Distintas varas

Por Juan Carlos Martínez

 

Cuando los militares estaban a punto de regresar a los cuarteles, el último dictador que pisó la Casa Rosada firmó la mal llamada ley 22.924, conocida como la autoamnistía a favor de todos los genocidas que habían participado en la noche negra que vivió la Argentina bajo el terrorismo de Estado.

 

El artÍculo 1 declaraba "extinguidas todas las acciones penales emergentes de los delitos cometidos con motivación o finalidad terrorista o subversiva desde el 25 de mayo de 1973 hasta el 7 de junio de 1982. Los beneficios otorgados por esta ley -agregaba- se extienden, asimismo, a todos los hechos de naturaleza penal realizados en ocasión o con motivo del desarrollo de acciones dirigidas a prevenir, conjurar o poner fin a las referidas actividades terroristas o subversivas, cualquiera hubiere sido su naturaleza o el bien jurídico lesionado. Los efectos de esta ley alcanzan a los autores, partícipes, instigadores, cómplices o encubridores y comprende a los delitos comunes conexos y a los delitos militares conexos".

 

Otro de los artículos de semejante aberración (el quinto) decía que "nadie podrá ser interrogado, investigado, citado a comparecer o requerido de manera alguna por imputaciones o sospechas de haber cometido delitos o participado en las acciones a los que se refiere el artículo 1º de esta ley o por suponer de su parte un conocimiento de ellos, de sus circunstancias, de sus autores, partícipes, instigadores, cómplices o encubridores".

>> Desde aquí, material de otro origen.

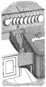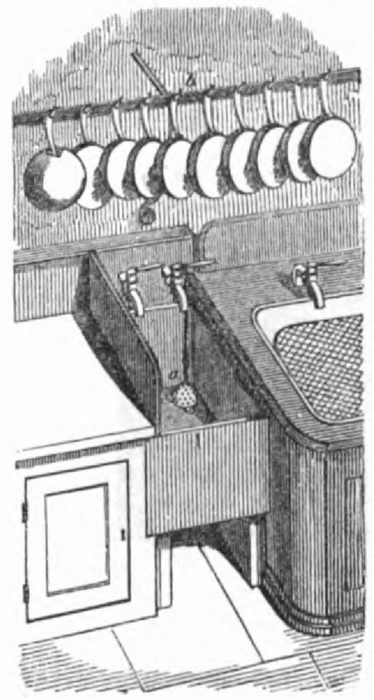For a kitchen in a vessel of less dimension, one steam pan, the hot plate and oven would be sufficient, and only a few of the useful articles mentioned would be required, thereby considerably diminishing the expense, and then possess a kitchen very superior to those now constructed.{785}

Y como si los generales, almirantes y brigadieres de pronto hubiesen cambiado el uniforme militar por la toga, con el artículo 12 completaron el burdo intento de esconder los delitos de lesa humanidad debajo de un manto de impunidad: "Los Jueces Ordinarios, Federales, Militares u organismos castrenses ante los que se promuevan denuncias o querellas fundadas en la imputación de los delitos y hechos comprendidos en el artículo 1º, las rechazarán sin sustanciación alguna".

 

Una de las primeras medidas adoptadas por el presidente Raúl Alfonsín consistió en derogar semejante mamarracho, pero no se le ocurrió denunciar penalmente al dictador Bignone por aquel intento de concretar una amnistía a favor de quienes habían cometido delitos de lesa humanidad. Y no lo hizo porque ese intento podía ser considerado como un acto inconstitucional, pero no delito.

 

Luego, el mismo Alfonsín incluyó a Bignone entre los comandantes que fueron juzgados por ser responsables del plan criminal, como expresó la sentencia del tribunal que juzgó a las juntas asesinas. O sea, por delitos.

 

Dos años más tarde, la presión militar le arrancó al gobierno de Alfonsín las leyes de Punto Final y Obediencia Debida, es decir, una amnistía encubierta que abrió el camino a un nuevo ciclo de impunidad que favoreció a militares y civiles y que completó Menem con el indulto a los comandantes del genocidio.

 

De esta manera, la Argentina vivió casi veinte años de impunidad, tantos como los que han vivido y viven todavía miles de víctimas del terrorismo de Estado: los sobrevivientes del genocidio, los familiares de las víctimas y la propia sociedad. Y cientos y cientos de responsables que se han ido de este mundo con su impunidad a cuestas.

 

Si los actos inconstitucionales fueran considerados delitos, tanto Alfonsín y los legisladores que aprobaron las leyes como Menem por el indulto hubiesen sido denunciados penalmente, pero a nadie se le ocurrió incursionar en ese terreno porque no correspondía.

 

 

Y eso es lo que ocurre con la denuncia del fiscal Nisman sobre el memorándum con Irán aprobado por el Congreso. En el peor de los casos, podría llegar a ser inconstitucional, pero nunca delito. Y si fuera delito, la denuncia penal debería incluir -entre otros absurdos- a los legisladores que firmaron el acuerdo.

 

Por eso sorprende que todavía se confunda lo que es inconstitucional con lo que es delito.